Today, consumers value food produced in a sustainable way with high nutritional value, considered fresh, safe and natural (Putnik et al., 2018), leading to new trends in the food industry (Santeramo et al., 2018). Therefore, the interest in functional food research has evolved in the past years (Granato et al., 2020).
Chenopodium quinoa Willd. is considered a functional food due to high protein and lipid content, essential amino acids and minerals in its seeds (Vega-Gálvez et al., 2010). In fact, the high nutritional value of C. quinoa presents multiple advantages over other grain cereals, as it is gluten-free and promotes several beneficial human health effects, particularly in children and elderly, as reviewed by Navruz-Varli and Sanlier (2016).
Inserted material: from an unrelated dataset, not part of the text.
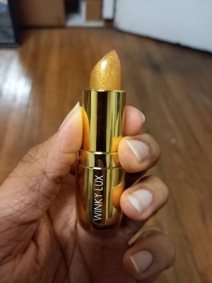 I recently had the opportunity to try the Winky Lux Citrine Balm, and I have to say it was a unique and fun experience. As someone who loves trying new beauty products, especially lip balms and lipsticks, I was excited to see how this balm would work for me. The packaging immediately caught my attention. It's eye-catching, with bright and pretty colors, and the gold tube makes it feel fancy and luxurious. I loved the attention to detail with the floral and citrus designs on the box. It's a small touch, but it really makes the product feel like something special. When I opened the balm, I was surprised and impressed by how beautiful it looked. The balm itself is a glittery, golden color that almost looks too pretty to use. It has a sparkly, magical vibe to it, and it made me curious about how it would look on my lips. Even though it's gold in the tube, it actually changes color when applied.

This salt-tolerant plant species native from the Andean region is capable of growing at different altitudes, from sea level to high mountains and at different environmental conditions, from cold to highland and tropical environments (Jacobsen et al., 2003). Its grains have been consumed for thousands of years and, because they can also be milled into flour and used as a cereal crop, this plant is often classified as a pseudo-cereal (Vilcacundo and Hernández-Ledesma, 2017).
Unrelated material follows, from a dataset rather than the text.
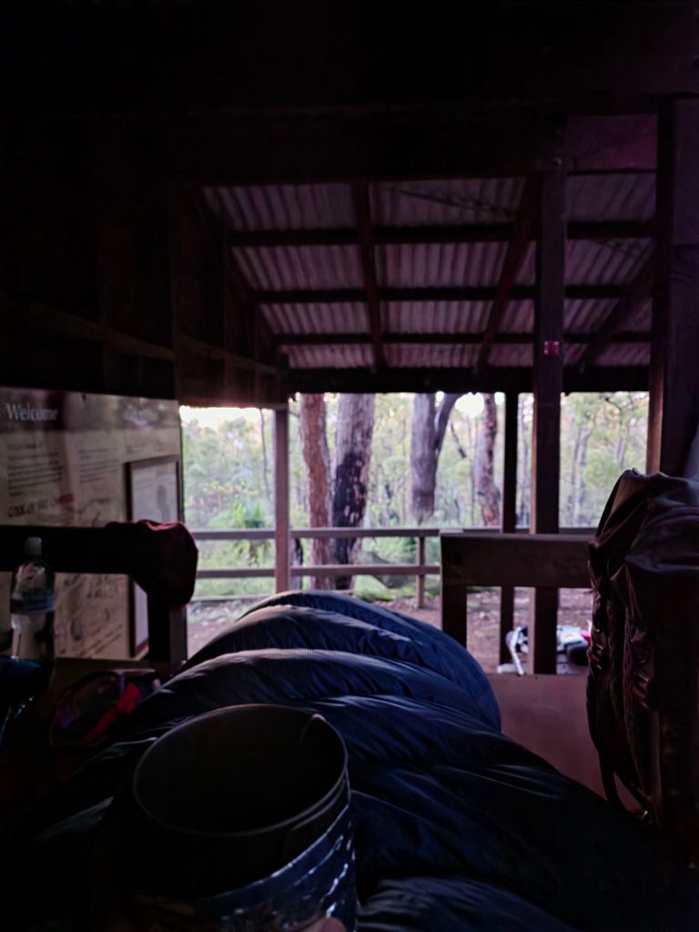 Monadnocks was busy by the time Jeff and I arrived. A group of 3 older hikers from Rockhampton had picked up a nervous solo Perth local and they were very spread out and a little reluctant to make room. The trio from Rockhampton in particular had made it clear they were not expecting anyone else in the shelter. The vibe was very different to what it had been with Alice and Jack. The group from Rockhampton were the type who compare gear and question other peoples choices. I enjoyed the opportunity to chat but felt content in my decision to hike solo, knowing I wasn’t bound to spend time with anyone in particular.

Besides minerals, vitamins, phytosterols, saponins and bioactive peptides (Vilcacundo and Hernández-Ledesma, 2017), C. quinoa also presents a high antioxidant capacity due to its richness in phenolic compounds, including flavonoids (Paśko et al., 2009). Plants produce antioxidants as a defense mechanism against abiotic stress and reactive oxygen species (ROS) formation (Gill and Tuteja, 2010). Antioxidants are valuable for human health due to their anti-carcinogenic, anti-ageing and anti-inflammatory properties, as well as reducing the risk of cardiovascular disorders (Pandey and Rizvi, 2009).
Most studies addressing C. quinoa nutritional and phytochemical properties focus on the most commonly used organs for human consumption, the seeds (Graf et al., 2015; Nowak et al., 2016; Filho et al., 2017; Tang and Tsao, 2017). However, other organs of this plant are also edible, such as leaves, which can be eaten in the same way as spinach (Oelke et al., 1992). Additionally, C. quinoa sprouts can also be readily consumed in salads (Schlick and Bubenheim, 1996).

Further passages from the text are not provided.